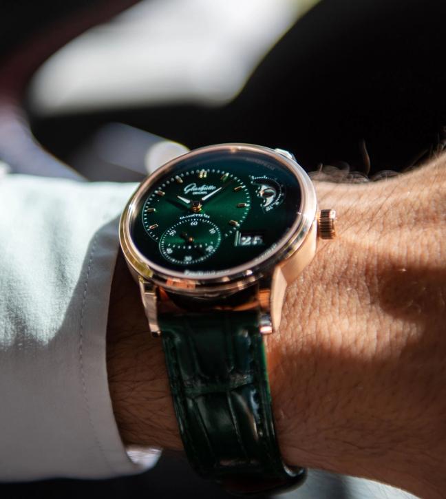 It has a three-quarter plate with stripe finish. There’s a balance bridge engraved by hand. It even features Glashütte Original’s signature duplex swan-neck fine adjustment. And all of these mechanical masterstrokes combined create a watch worthy not only of celebration — but also of elevation in a bold new colour. Just ‘the same thing in green’? Hardly.
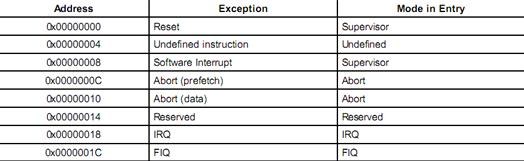 正是(shi)由于(yu)異(yi)(yi)常(chang)向量(liang)表(biao)的(de)存(cun)(cun)在(zai)(zai),才讓硬件(jian)異(yi)(yi)常(chang)處理(li)(li)和程序員自(zi)定義處理(li)(li)程序有機聯(lian)系起來(lai)。異(yi)(yi)常(chang)向量(liang)表(biao)里0x00000000地址(zhi)處是(shi)reset復(fu)位(wei)異(yi)(yi)常(chang),之(zhi)所以(yi)它(ta)(ta)為0地址(zhi),是(shi)因為CPU在(zai)(zai)上電時(shi)(shi)自(zi)動從0地址(zhi)處加載指令(ling),由此可(ke)(ke)見(jian)將(jiang)復(fu)位(wei)異(yi)(yi)常(chang)安(an)裝(zhuang)(zhuang)在(zai)(zai)此地址(zhi)處也(ye)是(shi)前后(hou)(hou)接合起來(lai)設計(ji)的(de),不(bu)得(de)不(bu)感嘆CPU設計(ji)師的(de)偉大(da)(da),其(qi)(qi)后(hou)(hou)面分別(bie)是(shi)其(qi)(qi)余7種(zhong)異(yi)(yi)常(chang)向量(liang),每種(zhong)異(yi)(yi)常(chang)向量(liang)都占(zhan)有四個(ge)字節(jie)(jie),正好是(shi)一(yi)(yi)(yi)條(tiao)指令(ling)的(de)大(da)(da)小,后(hou)(hou)一(yi)(yi)(yi)個(ge)異(yi)(yi)常(chang)是(shi)快(kuai)速(su)中斷異(yi)(yi)常(chang),將(jiang)其(qi)(qi)安(an)裝(zhuang)(zhuang)在(zai)(zai)此也(ye)有它(ta)(ta)的(de)意義,在(zai)(zai)0x0000001C地址(zhi)處可(ke)(ke)以(yi)直接存(cun)(cun)放(fang)快(kuai)速(su)中斷的(de)處理(li)(li)程序,不(bu)用設置跳轉指令(ling),這(zhe)樣可(ke)(ke)以(yi)節(jie)(jie)省一(yi)(yi)(yi)個(ge)時(shi)(shi)鐘(zhong)周期,加快(kuai)快(kuai)速(su)中斷處理(li)(li)時(shi)(shi)間。
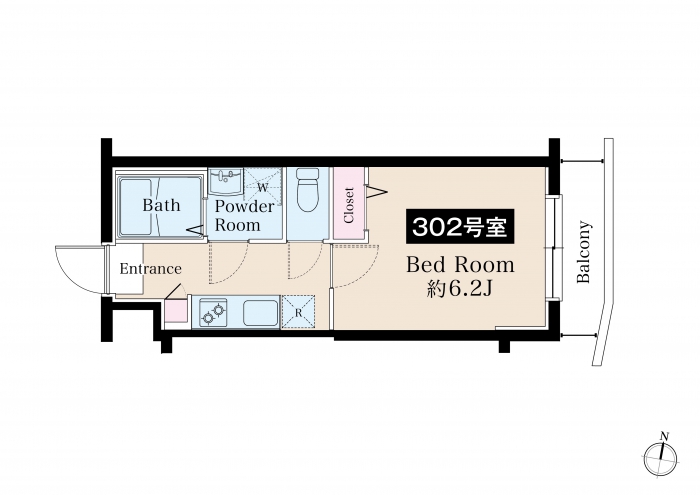 | 間取り詳細 | 洋室(6.2J)・K(2.0J) |
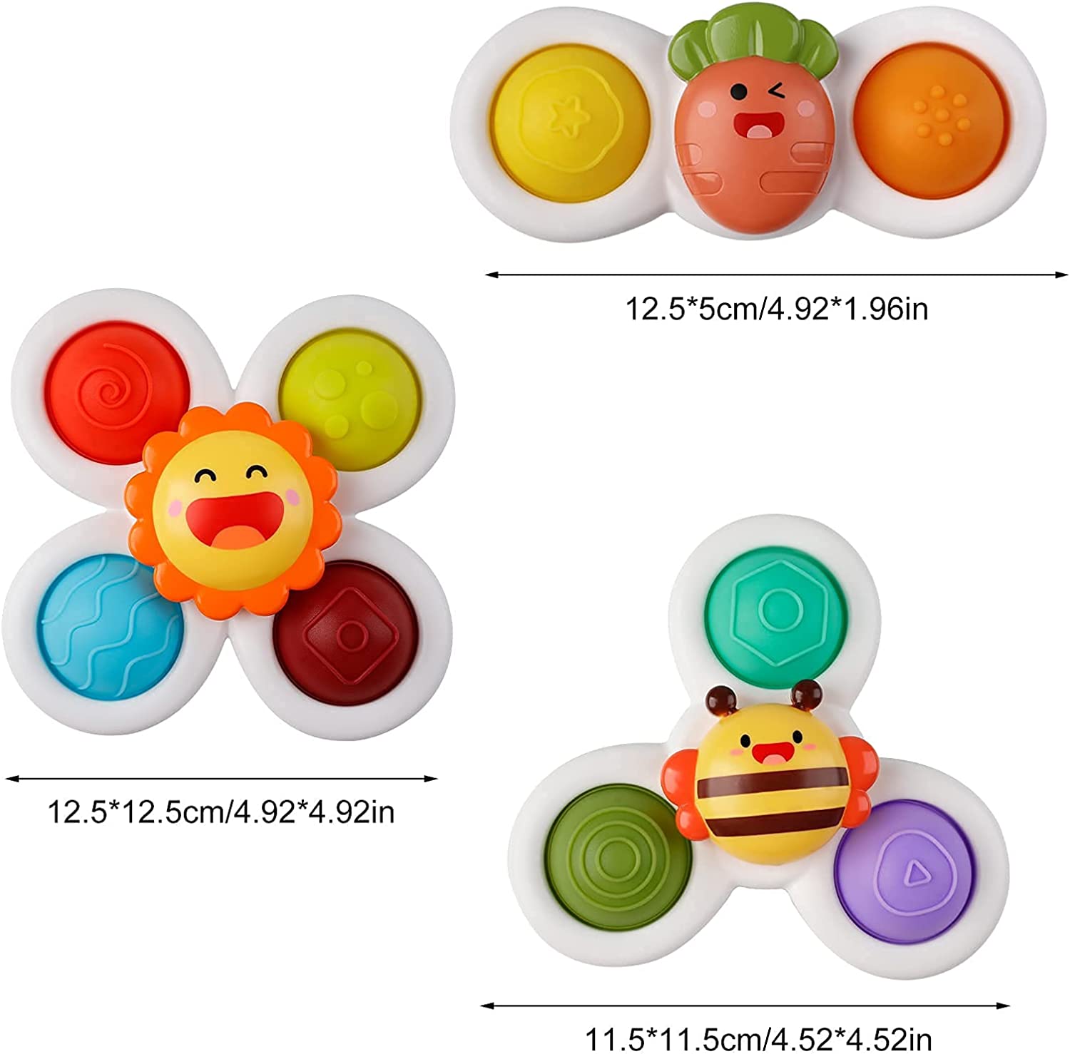 Outgeek Suction Cup Spinner Toys: 3PCS Kids Spinning Top Toys Baby Dimple Toy Sensory Toys Fidget Spinners Suction Cup Babies Bath Toys Gift Toys for Toddlers (Second Edition) (White)
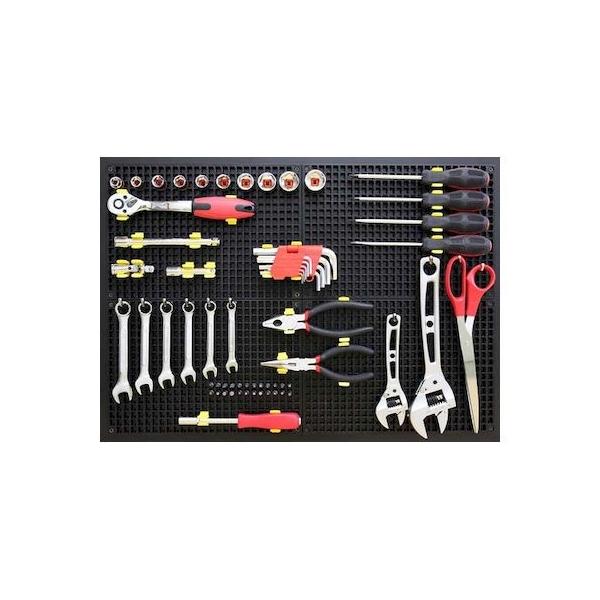 【商品説明】●これさえあれば、今すぐ収納!99pcs●ペグボード4枚とオプションパーツが詰まった、スタートアップレギュラーSET●ペグボード【黒色】 ×4枚●ユニバーサルクリップ ×40個●スチールフック ×10本●1/4 ソケット ×15個●3/8 ソケット ×15個●1/2 ソケット ×15個
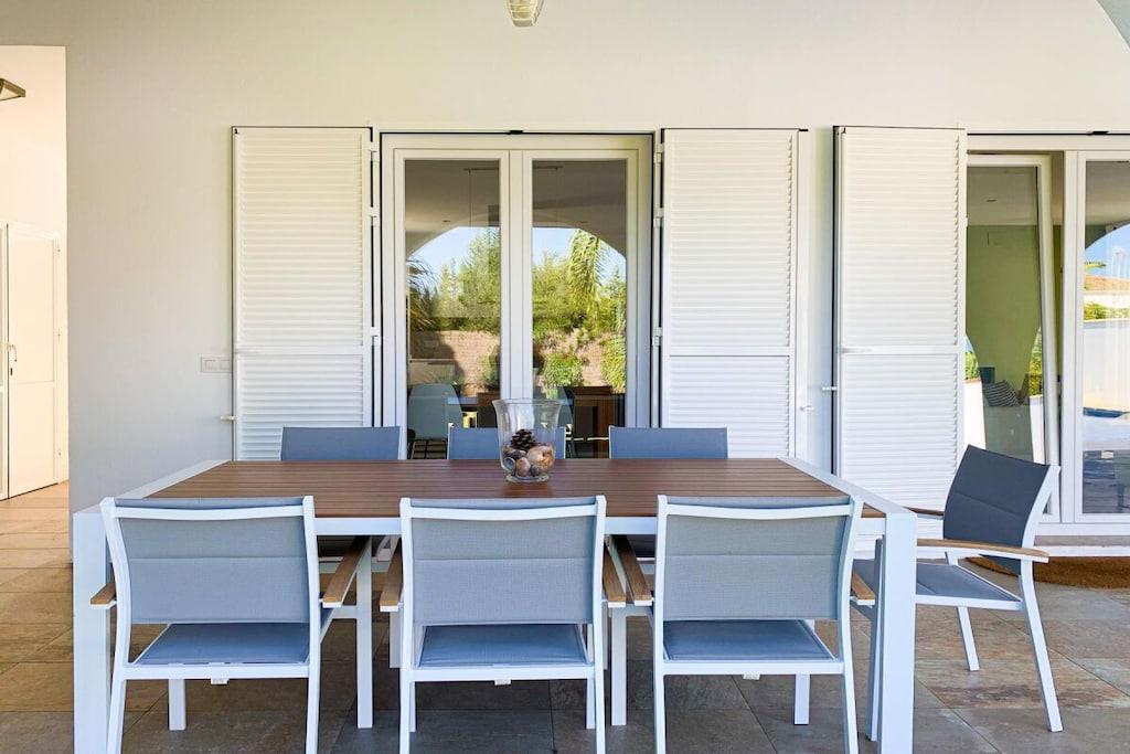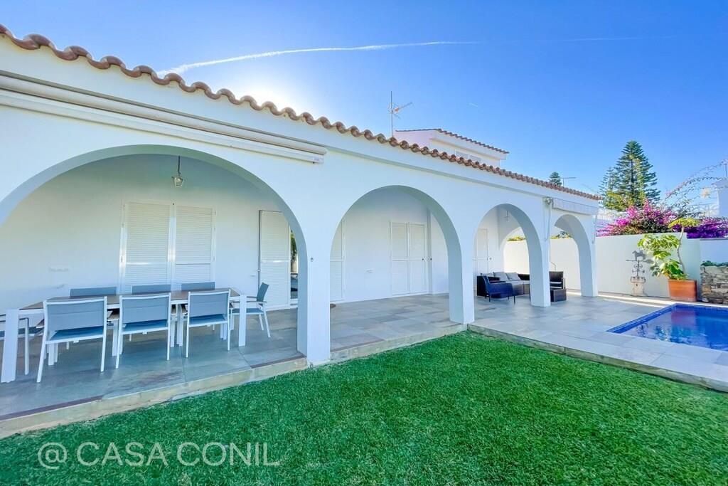 Denne poolvilla ligger i det eksklusive boligområde Fuente del Gallo. Den er nyrenoveret i moderne stil og lader ikke meget tilbage at ønske, hvad angår beliggenhed og faciliteter. Et særligt højdepunkt er den 11 meter lange pool og den rummelige veranda med grillplads og komfortable loungemøbler. Med fire soveværelser og to stuer tilbyder villaen rigelig plads til op til otte personer. Den smukke sandstrand Fuente del Gallo ligger kun omkring 200 meter fra huset. Der er 3 airconditionanlæg (i soveværelset, centralt placeret i gangen til de andre soveværelser, og i stuen), Wi-Fi, 2 satellit-tv'er, et topmoderne køkken med kogeø, induktionskogeplade, opvaskemaskine, ovn i arbejdshøjde, mikrobølgeovn, Nespresso-maskine osv. To soveværelser med dobbeltsenge (henholdsvis 1,80 m og 1,60 m brede og 2 m lange) og to soveværelser med to enkeltsenge hver (0,90 m x 1,90 m), så det er velegnet til op til 8 personer. To moderne badeværelser med store regnbrusere. To stuer med sofaer, fladskærms-tv'er, dvd-afspillere og iPad-dockingstationer. Havudsigt fra tagterrassen, som også har en skyggefuld veranda og et chill-out-område. En 11 meter lang (x 3,5 m bred) swimmingpool ligger foran terrassen. En solopvarmet udendørs bruser er tilgængelig i poolområdet. Haven har stole, borde, liggestole, en græsplæne og subtropiske planter. Huset er i alt cirka 180 kvadratmeter stort, plus 40 kvadratmeter overdækkede terrasser. Ejendommen måler cirka 700 kvadratmeter. Ud over køkken og spisebord (til 8 personer) er der et udendørs køkken med en dejlig gasgrill. Huset er fuldt indhegnet og tilbyder fred og ro. Registreringsnummer: VFT/CA/00564
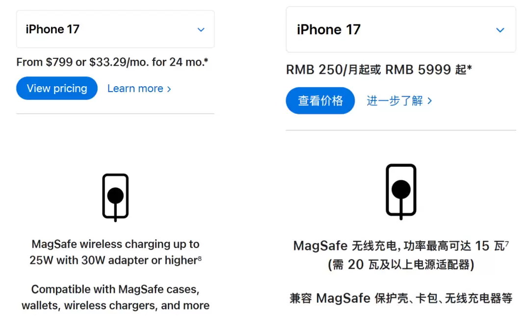 看完发布会后托尼发现了一个细节,国行和外版的 iPhone 17 ,在 Magsafe 充电功率上有区别,国行是 15W ,而外版是 25W 。
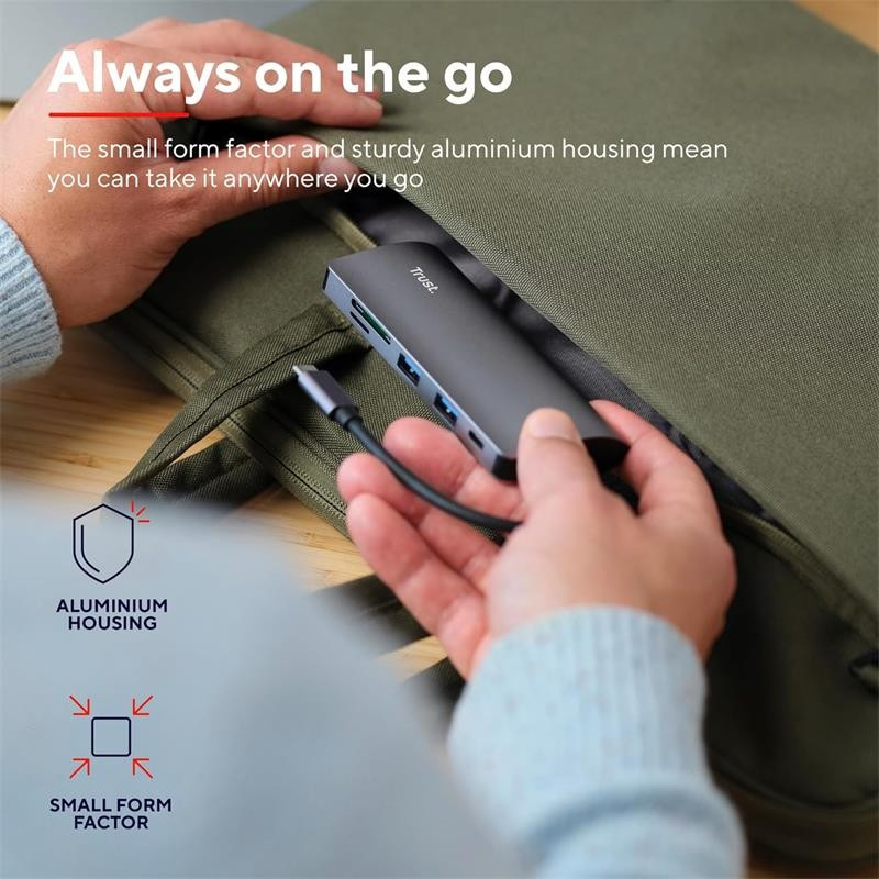 Trust Dalyx Adaptador multipuerto USB-C 7 en 1 - Plata
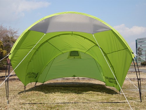 間口が広く食事の煮炊きからバイクの駐車まで問題無く行えます。 設営方法も簡単です。 唯一の欠点はペグが非常に曲がりやすいことくらいですかね。 (どの製品も付属ペグの強度は弱いので許容範囲です)
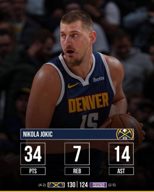 今日NBA例行賽,金塊坐鎮主場130-124擊敗國王,將戰績提升至4勝2負。
····················
All lines from the one containing "Trust Dalyx Adaptador" to the end of the entries should appear in the output exactly as written, with no pictures.

» **Answer to the exercise**:
 Trust Dalyx Adaptador multipuerto USB-C 7 en 1 - Plata
 間口が広く食事の煮炊きからバイクの駐車まで問題無く行えます。 設営方法も簡単です。 唯一の欠点はペグが非常に曲がりやすいことくらいですかね。 (どの製品も付属ペグの強度は弱いので許容範囲です)
 今日NBA例行賽,金塊坐鎮主場130-124擊敗國王,將戰績提升至4勝2負。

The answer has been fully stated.